Cloud Custodian for Cleanup
Cloud Custodian automates cleanup of unused resources.
Setup
Cloud Custodian is the open-source policy engine for cloud cleanup. Teams use it to find and remediate unused resources, untagged resources, policy violations. The discipline is automating cleanup that would otherwise require manual effort.
What setup looks like:
- YAML-based policies.: Cloud Custodian policies are written in YAML. The format declares what resources to find, what filters to apply, what actions to take; the format is concise.
- Run on schedule.: Policies execute on a schedule. Daily, weekly, monthly; the cadence matches the policy's purpose; the discipline is automated.
- Policy: find unused EBS volumes; tag for cleanup.: A typical policy finds resources that are unused and tags them for cleanup. The first run identifies; subsequent runs delete (after a grace period); the cleanup is staged.
- Multi-cloud support.: Cloud Custodian supports AWS, Azure, GCP, and others. Multi-cloud teams use one tool; the policies are similar across clouds; the operational story is consolidated.
- Lambda-based execution.: Some policies run as Lambda functions (or equivalents). Event-driven cleanup; the discipline triggers on resource events; the response is fast.
Setup is bounded. The discipline is consistent: policies in version control; CI/CD applies them; the discipline scales.
Policies
Common policies cover recurring cleanup needs. Untagged resources, idle infrastructure, old snapshots all are policy candidates; the team's library grows over time.
- Common: untagged resources.: Resources without required tags violate the team's tagging discipline. Cloud Custodian finds them; tags them for review; the discipline is enforced.
- Idle NAT gateways.: NAT gateways that have not seen traffic in a defined window are candidates for cleanup. The cost savings are direct; the discipline catches forgotten infrastructure.
- Old snapshots.: EBS snapshots, RDS snapshots, similar artifacts accumulate. Old snapshots are deleted per retention policy; the storage cost is bounded.
- Library of community-shared policies.: The Cloud Custodian community shares policies. The team starts with the library; adapts to their needs; the bootstrap is fast.
- Custom policies.: Team-specific patterns become custom policies. The library captures the team's discipline; the policies are versioned; the discipline is preserved.
The policies are the discipline encoded.

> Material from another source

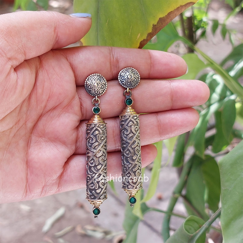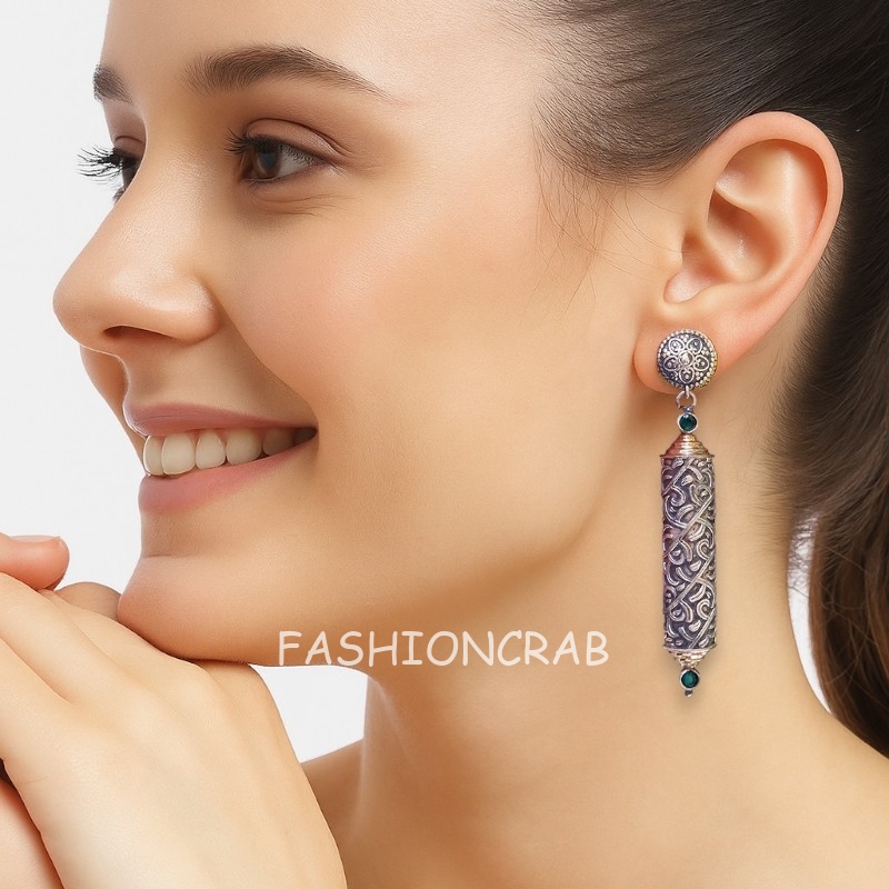 Indian Bollywood Style Light Orange Black Metal Jhumka

Each one captures a recurring cleanup task.
Audit
Cloud Custodian's audit mode is the safety. Dry-run before applying; verify before deleting; production resources warrant review even when policies match.
- Dry-run mode.: Cloud Custodian's dry-run shows what would happen without doing it. The team verifies the policy's effect; the actions are not applied; the verification is bounded effort.
- Verify before applying.: Before enabling a policy, the team dry-runs it. The findings are reviewed; the actions are confirmed; the policy is then applied.
- Critical: don't auto-delete production resources without review.: Some policies are auto-delete; some are tag-for-review. Production resources warrant the review; the discipline is matching the policy's aggressiveness to the resource's importance.
- Notify owners.: Some policies notify resource owners before action. The owners can object; legitimate use cases are protected; the discipline is collaborative.
- Audit policy effects.: The team audits Cloud Custodian's actions. What was deleted; what was tagged; what was missed. The audit produces understanding; the policy is refined over time.
Cloud Custodian for cleanup is one of those FinOps disciplines that pays off in continuous cost optimization. Nova AI Ops integrates with cloud cost data and policy engines, surfaces patterns, and supports the team's cleanup discipline.